Try it >> Below are records; the lines starting at the one with "9ct White Gold" and ending at the one with "相談をもとに、マイクロスコー" must be reproduced exactly, both included. Pictures must not appear.

[Saved data entries]

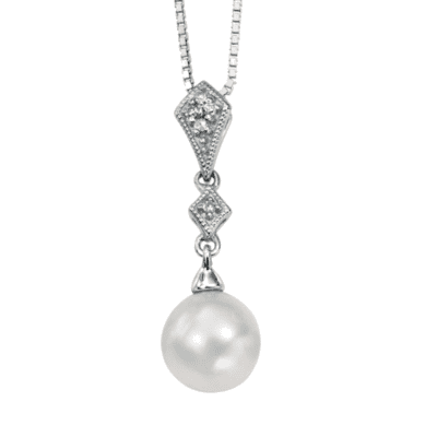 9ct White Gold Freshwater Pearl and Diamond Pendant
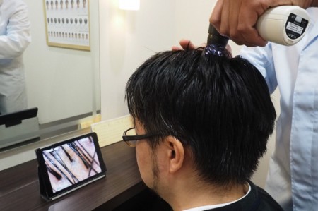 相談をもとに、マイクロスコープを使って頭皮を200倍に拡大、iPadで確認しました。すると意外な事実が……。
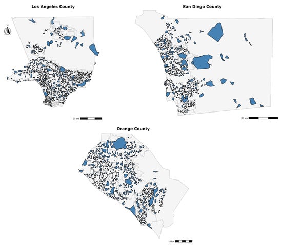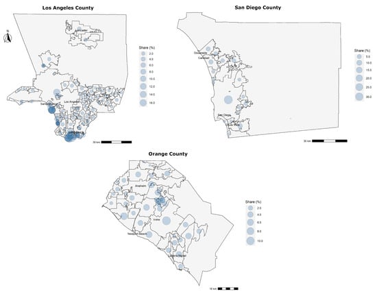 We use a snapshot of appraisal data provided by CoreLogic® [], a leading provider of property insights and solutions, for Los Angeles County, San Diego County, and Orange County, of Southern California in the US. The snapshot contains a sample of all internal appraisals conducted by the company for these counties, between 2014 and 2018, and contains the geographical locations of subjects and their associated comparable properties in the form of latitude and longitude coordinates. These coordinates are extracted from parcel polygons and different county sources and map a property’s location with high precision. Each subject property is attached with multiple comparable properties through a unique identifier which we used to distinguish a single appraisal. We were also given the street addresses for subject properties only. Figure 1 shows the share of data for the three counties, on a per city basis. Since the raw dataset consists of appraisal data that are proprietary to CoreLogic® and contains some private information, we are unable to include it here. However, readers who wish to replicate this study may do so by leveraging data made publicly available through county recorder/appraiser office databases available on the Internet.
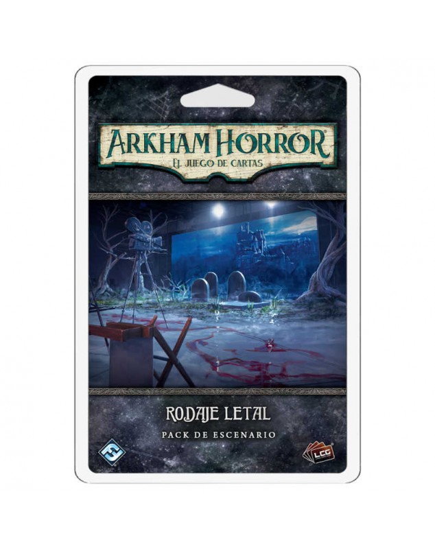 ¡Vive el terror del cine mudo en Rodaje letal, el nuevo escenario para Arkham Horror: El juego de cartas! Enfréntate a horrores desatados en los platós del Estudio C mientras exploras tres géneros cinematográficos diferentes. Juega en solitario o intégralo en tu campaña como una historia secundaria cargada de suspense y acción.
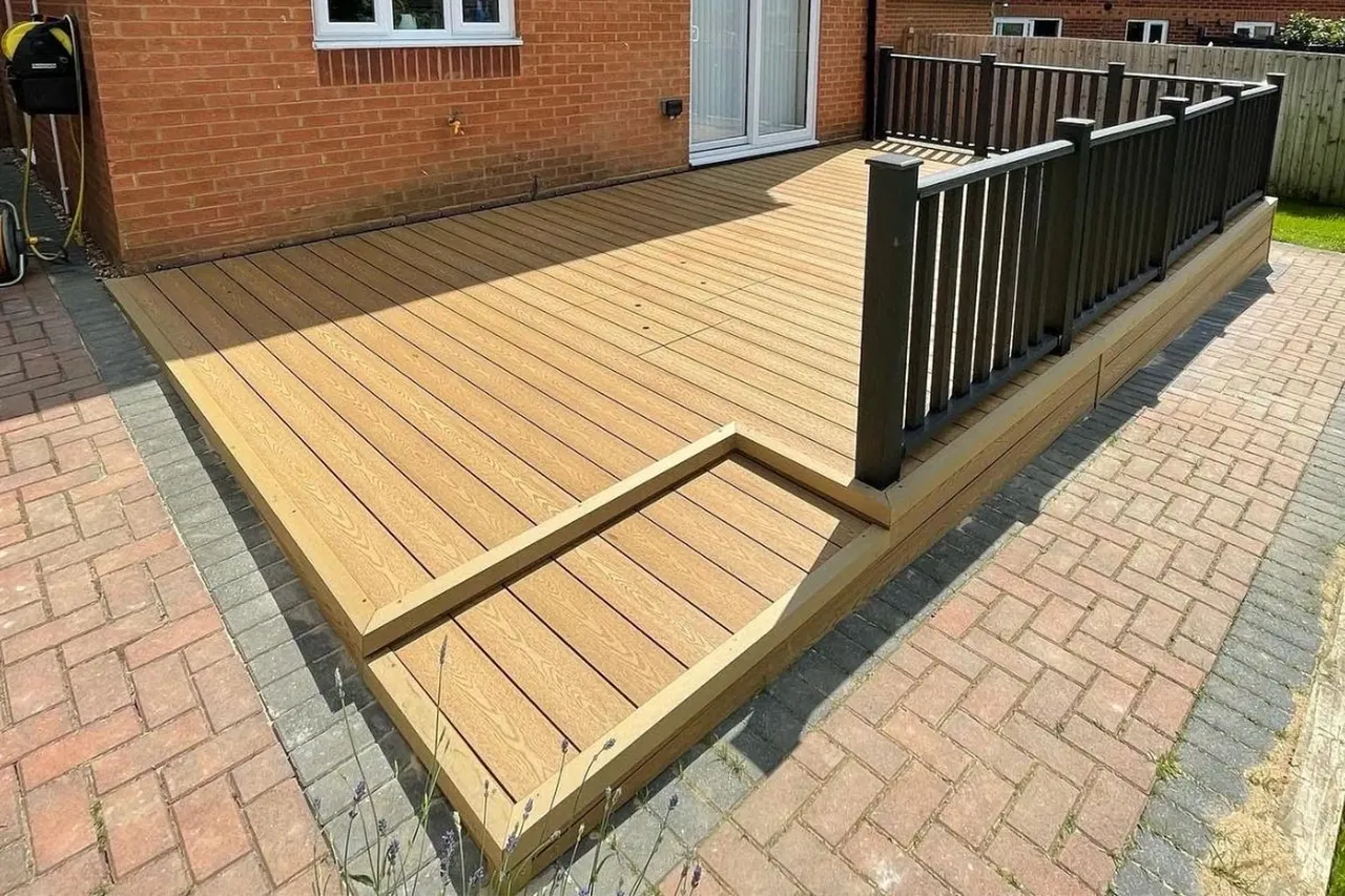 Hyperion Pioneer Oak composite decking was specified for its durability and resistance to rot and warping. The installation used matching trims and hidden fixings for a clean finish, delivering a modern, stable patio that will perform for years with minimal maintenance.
...
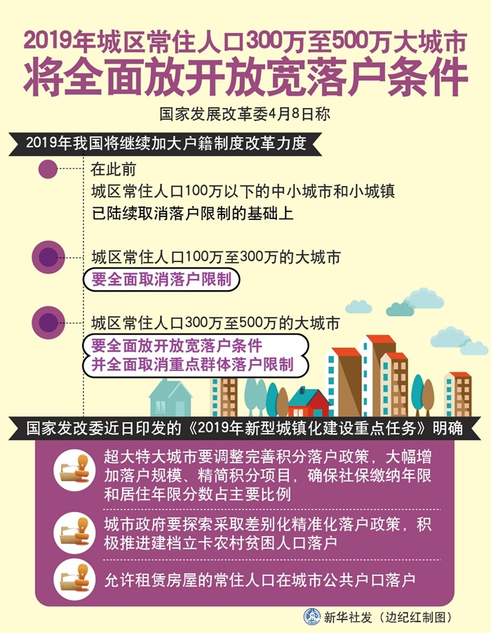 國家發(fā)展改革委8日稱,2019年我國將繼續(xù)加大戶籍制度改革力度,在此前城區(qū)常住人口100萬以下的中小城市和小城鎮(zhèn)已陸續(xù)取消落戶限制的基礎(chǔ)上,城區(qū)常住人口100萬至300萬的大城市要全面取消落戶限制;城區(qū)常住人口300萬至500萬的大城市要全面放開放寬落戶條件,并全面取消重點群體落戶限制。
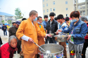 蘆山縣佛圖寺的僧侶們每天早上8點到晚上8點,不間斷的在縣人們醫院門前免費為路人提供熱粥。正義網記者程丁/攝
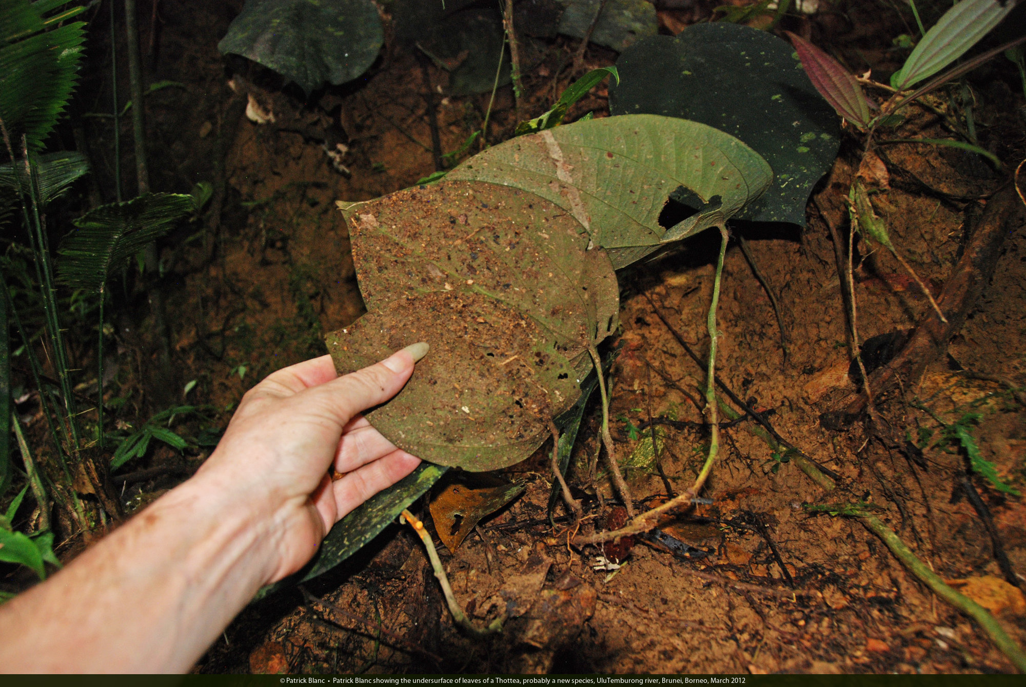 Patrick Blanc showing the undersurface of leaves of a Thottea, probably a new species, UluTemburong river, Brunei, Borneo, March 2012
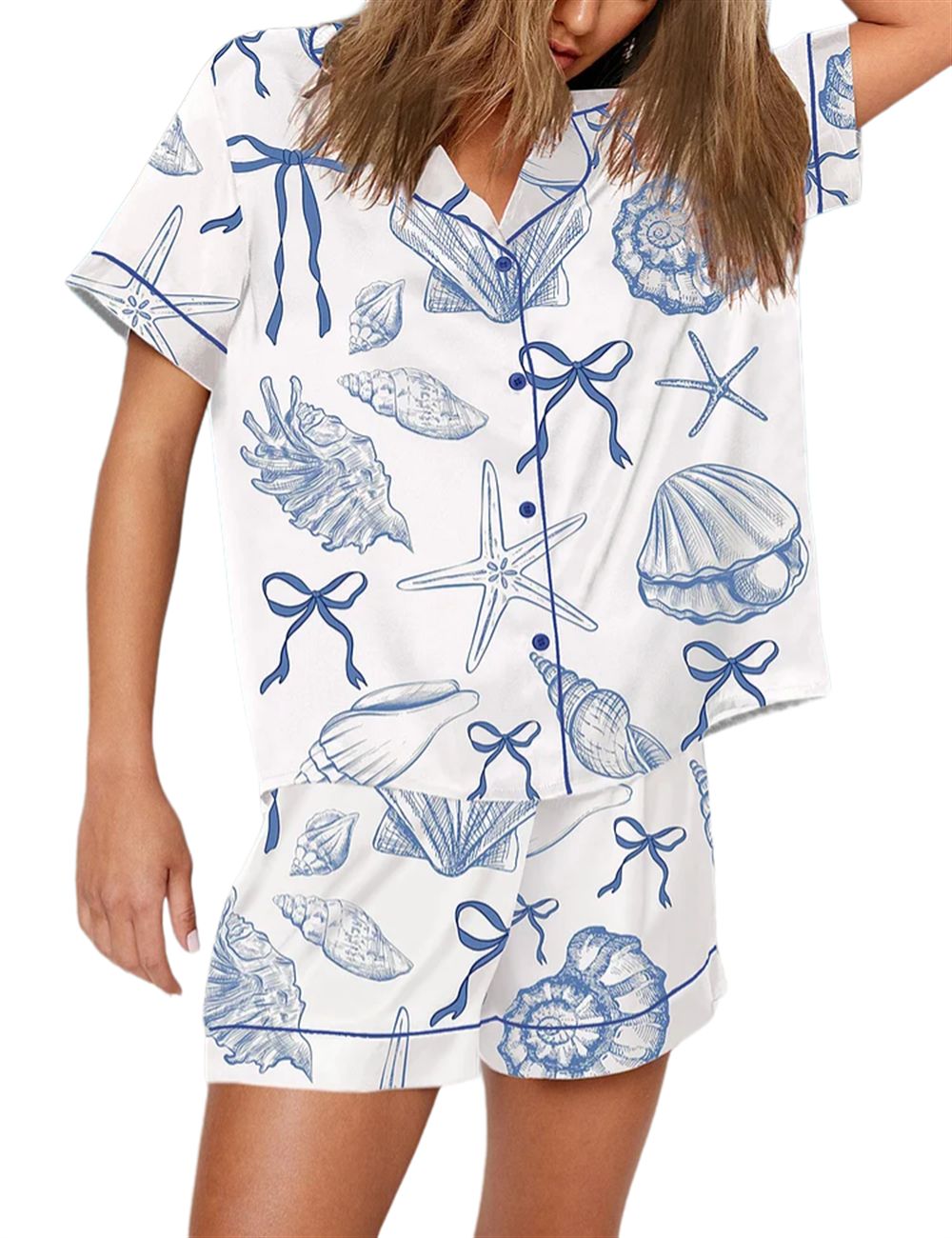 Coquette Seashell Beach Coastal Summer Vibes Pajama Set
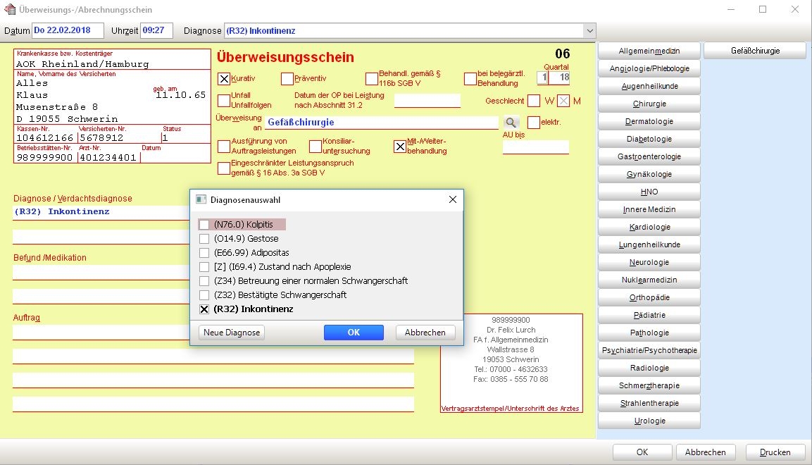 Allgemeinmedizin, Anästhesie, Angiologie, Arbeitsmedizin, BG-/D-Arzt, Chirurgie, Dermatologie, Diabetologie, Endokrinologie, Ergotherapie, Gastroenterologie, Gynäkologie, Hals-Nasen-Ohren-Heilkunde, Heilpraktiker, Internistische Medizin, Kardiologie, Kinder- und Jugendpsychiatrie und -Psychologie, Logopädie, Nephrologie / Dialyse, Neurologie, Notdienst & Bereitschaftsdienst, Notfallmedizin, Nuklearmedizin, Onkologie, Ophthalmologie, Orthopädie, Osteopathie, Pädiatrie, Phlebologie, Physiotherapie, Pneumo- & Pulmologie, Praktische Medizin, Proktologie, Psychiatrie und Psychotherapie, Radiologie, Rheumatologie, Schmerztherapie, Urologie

Result >>
 9ct White Gold Freshwater Pearl and Diamond Pendant
 相談をもとに、マイクロスコープを使って頭皮を200倍に拡大、iPadで確認しました。すると意外な事実が……。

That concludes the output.